Challenged myself to audit something I have no clue of...
1. Initial Setup
First went to https://github.com/XRPLF/rippled and followed the steps to set up the dev environment, after the install of all the things needed I ran the tests to make sure everything was working fine. In that process I had troubles with Conan, first installed v2, but stuff was not working so I went to v1 and it worked like a charm, also had to learn a bit about profile configs and profile file for MacOS(M1 Pro chip).

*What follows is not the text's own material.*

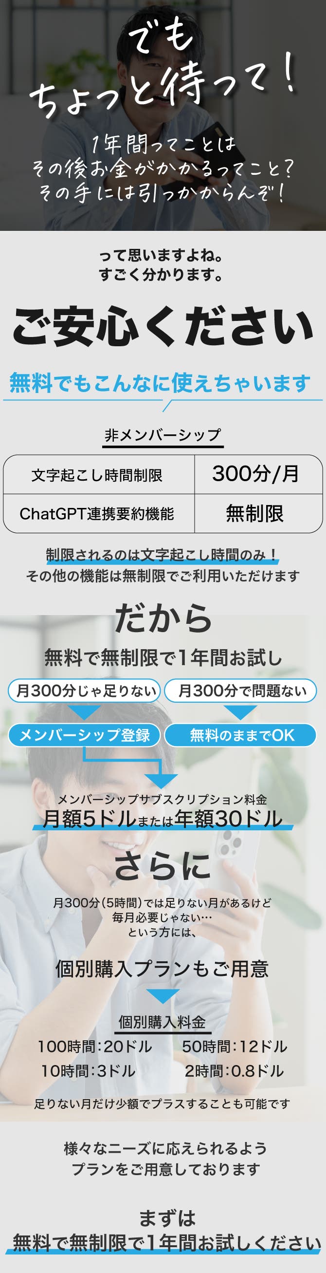 1年を過ぎても、無課金で月300分の文字起こし制限制限があるだけで、その他の機能は全てご利用いただけます。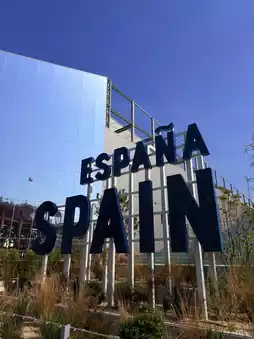 The Spain National Pavilion, designed collaboratively by Enorme Studio and two other architecture and design firms, uses the ocean and the sun to highlight similarities with Japan.

After setting up the dev environment, I pulled the XLS-0033d branch and started looking at the codebase.
2. Start the research
Went thru all the files that had changes, wihout looking at the description first ( that was on porpouse to have a clean read of the code without context, so I see how helpfull are the comments and readability to understand about something I've no idea of ).
In real life scenario all the 90 files in the PR should be in the scope, for this test case I took the ones with more changes, and the ones that seem more relevant, checked also the .h files for each but no gonna put it on the report:
After going through all the files I went back to the PR description and started reading it and making a list of questions for myself:
- what is XRP ledger?
- how it works?
- where is the state of the data saved? (all the new state that will be saved in the next block)
- had hacks in the past?
- how consensus works in Ripple ecosystem? can sandwitch attacks happen here?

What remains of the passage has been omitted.